Он начал рвать руками первый попавшийся мешок. Как вдруг услышал чьи-то шелестящие шаги. Сидя на корточках, Владислав поднял голову вверх. Издался пронзительный звук полицейской сирены. Красный цвет смешался с синим. Дождь закрывал ему глаза. Владислав встал. Полиция была здесь.
— Руки за голову! Руки за голову, сука! Ни с места!
Он не успел спохватиться и что-либо понять. Это была целая засада. За ними следили, их ждали, пока они совершат это преступление. Но в чём оно заключалось, Владислав так и не понял. Пока не опустил глаза. Под его ногами лежал труп.
Дыхание сбилось. Сердце сжалось до предела. Оно резко запрыгало, билось об его грудь, вылетая прямо изнутри. Он больше не имел шанса вздохнуть. Мурашки заполнили всю кожу. Его укачивало, бросало в кольчатую дрожь. Отрубленная голова человека смотрела прямо на него, а вместе с ней и раскиданные по асфальту ступни с порубленными пальцами.
— Подними руки! Я сказал, подними руки!
К ним направлялся полицейский, вооружённый табельным пистолетом. Остальные сидели в патрульной машине в нескольких метрах, открыв двери и выглядывая на это действо. Владислав хотел закричать. Он был настолько беспомощен, что звал свою маму. От этого раздирающего всю его собственную душу чувства слово «мама» почти вырвалось из его уст и произносилось вслух. В голове происходило полное безумие. Возник жар, не ощущались конечности. Из глаз посыпались слёзы.

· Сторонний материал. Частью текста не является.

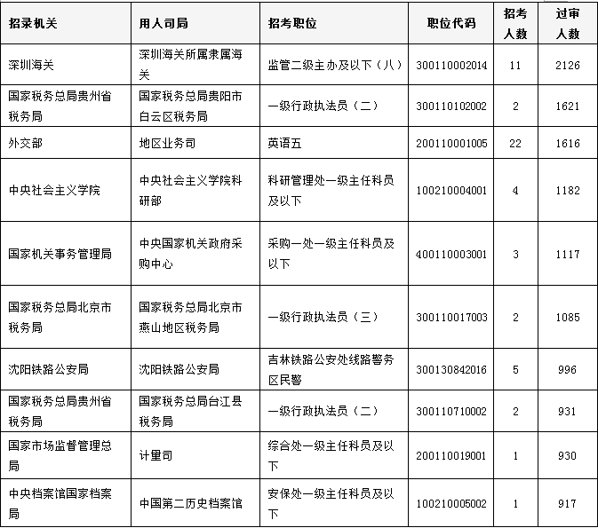 截至10月21日9时,报名人数突破一千人的职位有6个。“深圳海关所属隶属海关监管二级主办及以下(八)”一职已通过审核2126人,是唯一一个过审人数突破两千人大关的职位。 “国家税务总局贵阳市白云区税务局一级行政执法员(二)”与“外交部地区业务司英语五”这两个职位目前报名人数都已经超越了一千六百人,也远超其他职位的报名人数,最引人注意的是“国家税务总局贵阳市白云区税务局一级行政执法员(二)”这一职位仅招录2人。
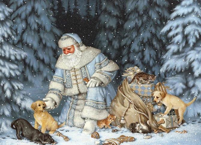 Дед Мороз с дарами для животных

Взглянув на отрубленную голову, он увидел на ней от света переливающихся мигалок гнилой, почти угольный подбородок. Ему не показалось. Всё это реально. Игра окончена.
Полицейский не успел его поймать. Владислав решил поступить по-иному. Он желал мести и только её. Но щенка больше не спасти.
Прости меня, Даша...
Она была рядом с ним в этот самый момент. Надеялась, что он останется тем, кого она так сильно любила и продолжает любить. Он заметил её взгляд, как и тот же самый вид, к которому так привык. Дарья взяла его за руку.
— Что ты делаешь? — спросила она.
Он не слушал. Он не отвечал. Владислав бежал отсюда, оставляя Льва на растерзание судьбе. За ним гнались, но сразу же отставали. Он ломал себе пальцы на ногах, лишь бы оторваться. Он знал, кто он такой, знал, что заслужил все пережитые им муки. Лев смотрел ему в спину, пока к его запястьям прицепляли наручники и вели к машине. Его жизнь пропала, она обречена. Владислав ничего не видел перед глазами. Он скрывался, убегал всё дальше. И тогда, оказавшись за помойкой какого-то дома, начал судорожно дышать.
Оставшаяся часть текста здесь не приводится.